EXERCISE DIRECTIONS
Could you reproduce all the entries under this sentence exactly, leaving the images aside?

EXTRACTED DATA
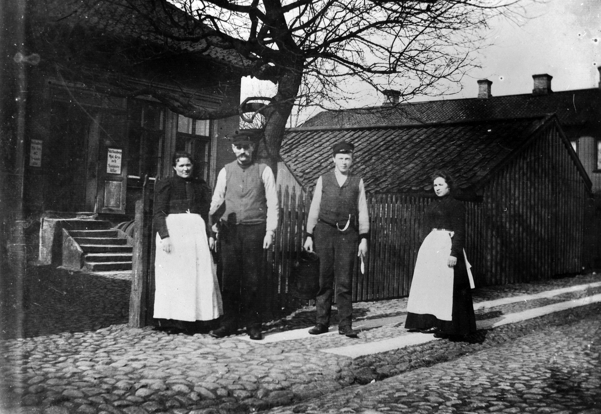 2 kvinnor, i ljust förkläde, och 2 män, i väst och keps, står på kullerstensgatan utanför Nils Sandbergs Mjöl Gryn och Spannmålsaffär på Nygatan i Kv Pärlan 6, tomt 74. Bredvid affären låg Brännvinsbolaget. I fastigheten bodde också barnmorskan Anna Bäckström.
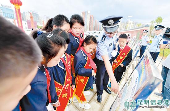 官渡民警为小志愿者讲解毒品危害。记者王俊星/摄
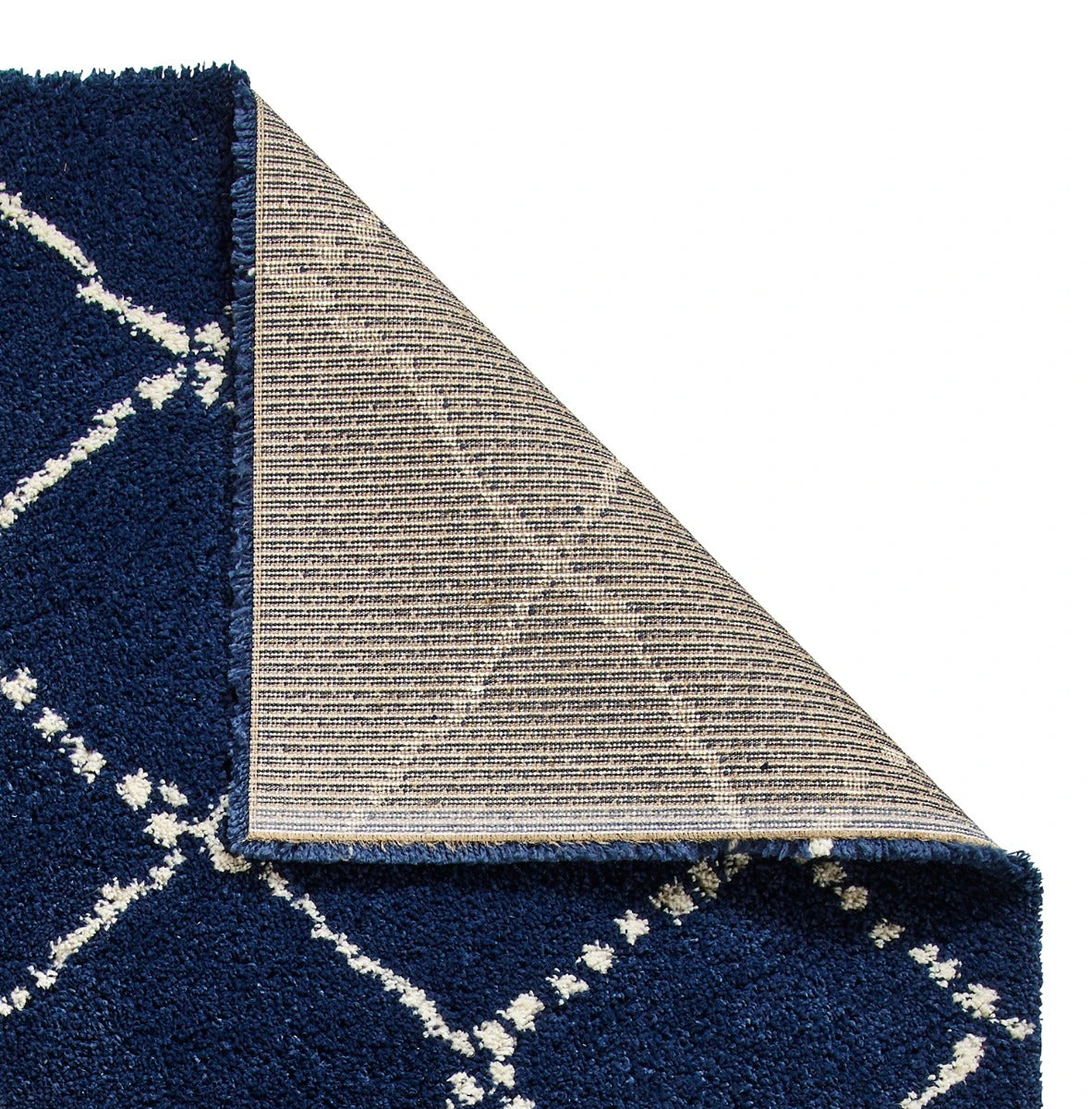 Discover the Royal Nomadic collection, where ultimate softness meets chic diamond patterns. Crafted with skill and premium treated yarn, this two-tone navy treasure takes machine made shaggy rugs to new heights of sophistication.
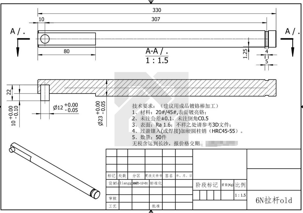 需要如图拉杆加工
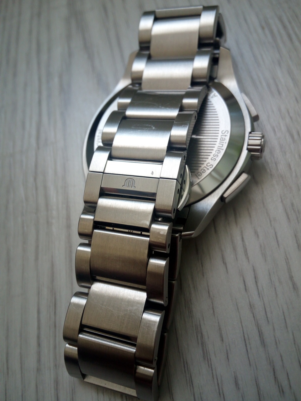 Литой браслет из нержавеющей стали с застежкой, расстегивающейся одним касанием на руку примерно 18см и дополнительно 2 звена и одно полузвено (на фото), в общем примерно на 20,5 см.
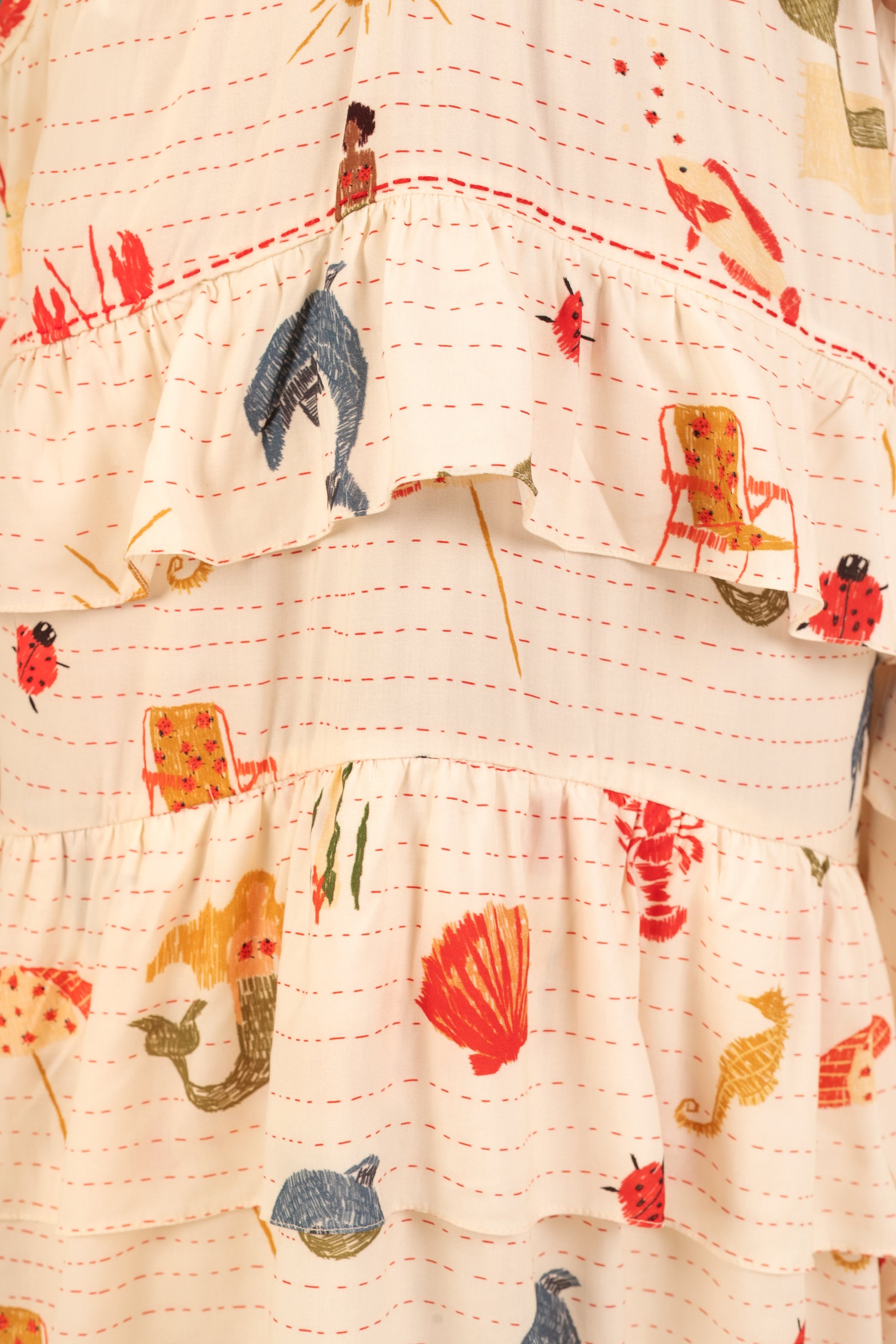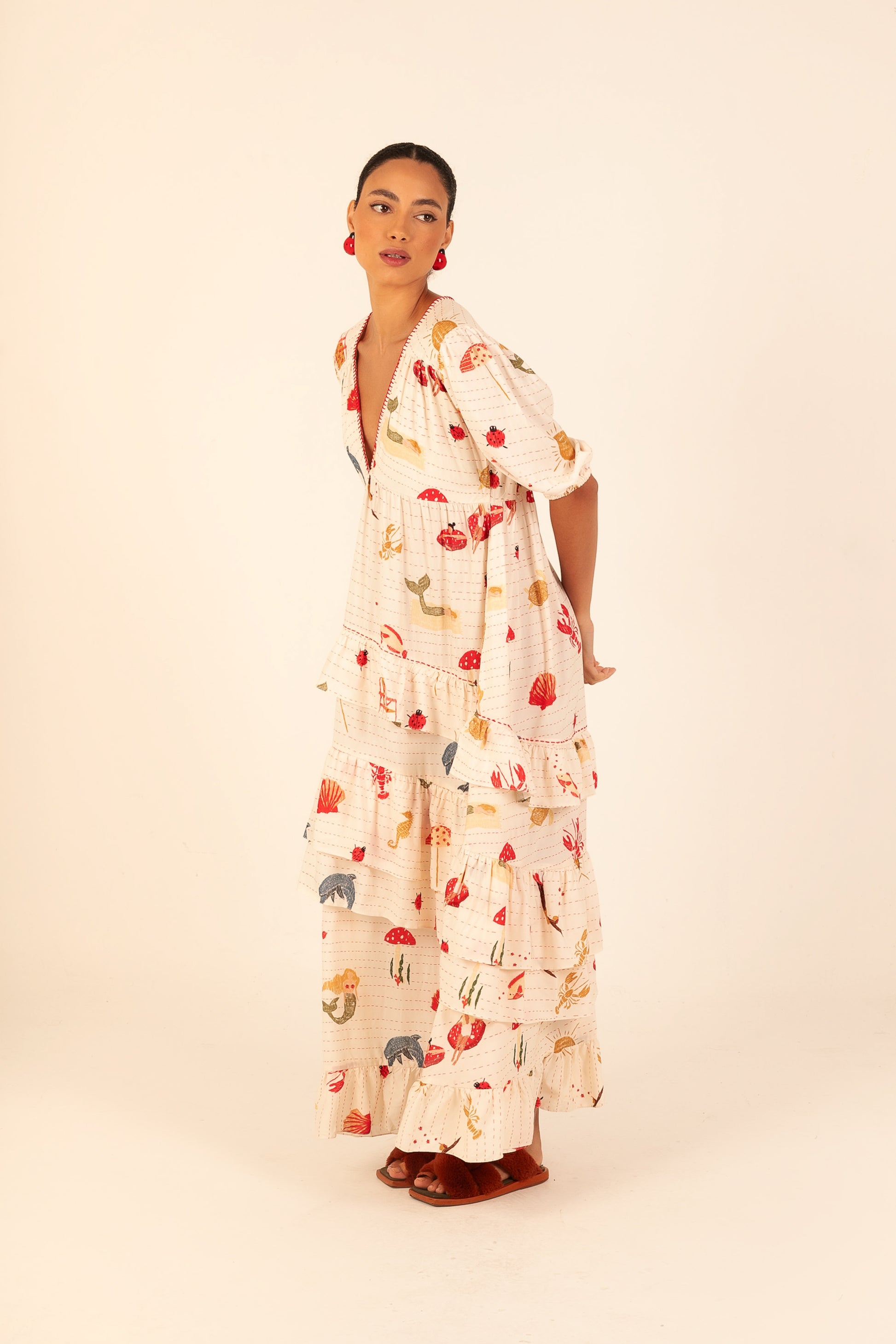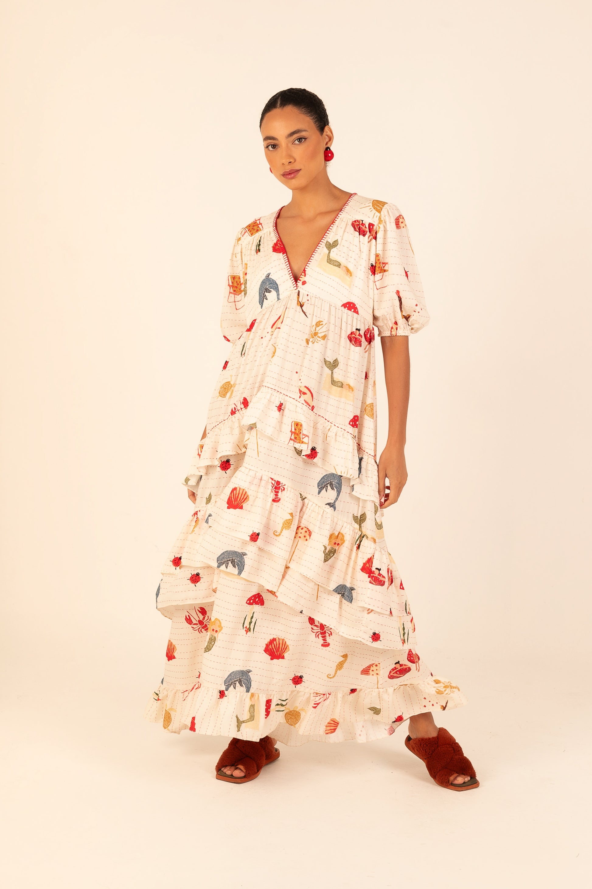 Com detalhes bordados à mão e a estampa exclusiva criada em colaboração com a artista Isabela Cury, o Vestido Afeto Sereias é um símbolo de sofisticação.
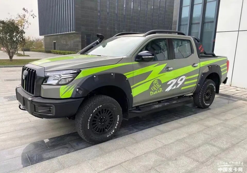 曝光车辆的外观与早前工信部过审的图片相似度极高,全新样式的中网采用了熏黑处理,非常有辨识度。车辆的越野气息也比较浓郁,宽大的保险杠、涉水喉、绞盘、全地形轮胎等一应俱全。此外,该车的涂装也非常野性,多元素的汇聚让车辆外观并不单调。
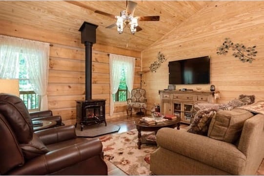 ❗️CALLING ALL COUPLES❗️ Kick back and relax in this calm, stylish cottage that is just perfect size for a Honeymoon getaway, Couples Retreat, Small family or for a SOLO Traveler. This Couples Retreat is a fully furnished 1 bed, 1 bath studio log cabin. The main living area has a kitchen, dining table, 37” Roku Smart TV, king bed, and a sofa bed. It is conveniently located between Douglas Lake and all the attractions in Sevierville, Pigeon Forge, Gatlinburg and Smoky Mountain National Park.
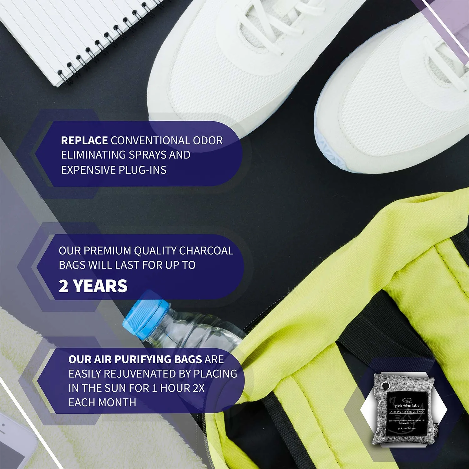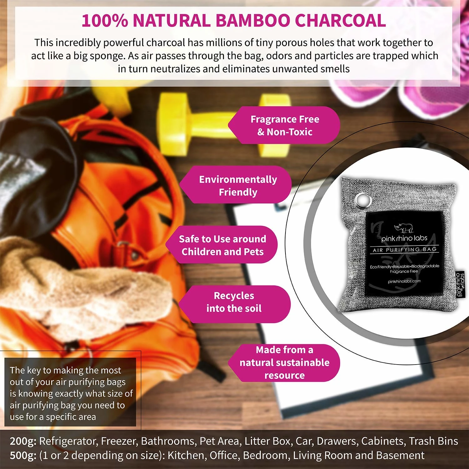 Breathe easier and enjoy a fresher, cleaner environment with the Bamboo Charcoal Air Purifier Odor Eliminator from PINK RHINO LABS. This innovative air purifying solution utilizes the natural power of activated bamboo charcoal to effectively absorb and neutralize odors, allergens, and pollutants, leaving your home, car, or office smelling fresh and revitalized. Unlike traditional air fresheners that simply mask odors with artificial fragrances, our bamboo charcoal bags work by trapping and eliminating the source of the problem. The highly porous structure of activated bamboo charcoal acts like a sponge, drawing in unwanted particles and moisture from the air. This helps to reduce mold, mildew, and bacteria growth, contributing to a healthier living space for you and your family.

TASK OUTPUT
 2 kvinnor, i ljust förkläde, och 2 män, i väst och keps, står på kullerstensgatan utanför Nils Sandbergs Mjöl Gryn och Spannmålsaffär på Nygatan i Kv Pärlan 6, tomt 74. Bredvid affären låg Brännvinsbolaget. I fastigheten bodde också barnmorskan Anna Bäckström.
 官渡民警为小志愿者讲解毒品危害。记者王俊星/摄
 Discover the Royal Nomadic collection, where ultimate softness meets chic diamond patterns. Crafted with skill and premium treated yarn, this two-tone navy treasure takes machine made shaggy rugs to new heights of sophistication.
 需要如图拉杆加工
 Литой браслет из нержавеющей стали с застежкой, расстегивающейся одним касанием на руку примерно 18см и дополнительно 2 звена и одно полузвено (на фото), в общем примерно на 20,5 см.
 Com detalhes bordados à mão e a estampa exclusiva criada em colaboração com a artista Isabela Cury, o Vestido Afeto Sereias é um símbolo de sofisticação.
 曝光车辆的外观与早前工信部过审的图片相似度极高,全新样式的中网采用了熏黑处理,非常有辨识度。车辆的越野气息也比较浓郁,宽大的保险杠、涉水喉、绞盘、全地形轮胎等一应俱全。此外,该车的涂装也非常野性,多元素的汇聚让车辆外观并不单调。
 ❗️CALLING ALL COUPLES❗️ Kick back and relax in this calm, stylish cottage that is just perfect size for a Honeymoon getaway, Couples Retreat, Small family or for a SOLO Traveler. This Couples Retreat is a fully furnished 1 bed, 1 bath studio log cabin. The main living area has a kitchen, dining table, 37” Roku Smart TV, king bed, and a sofa bed. It is conveniently located between Douglas Lake and all the attractions in Sevierville, Pigeon Forge, Gatlinburg and Smoky Mountain National Park.
 Breathe easier and enjoy a fresher, cleaner environment with the Bamboo Charcoal Air Purifier Odor Eliminator from PINK RHINO LABS. This innovative air purifying solution utilizes the natural power of activated bamboo charcoal to effectively absorb and neutralize odors, allergens, and pollutants, leaving your home, car, or office smelling fresh and revitalized. Unlike traditional air fresheners that simply mask odors with artificial fragrances, our bamboo charcoal bags work by trapping and eliminating the source of the problem. The highly porous structure of activated bamboo charcoal acts like a sponge, drawing in unwanted particles and moisture from the air. This helps to reduce mold, mildew, and bacteria growth, contributing to a healthier living space for you and your family.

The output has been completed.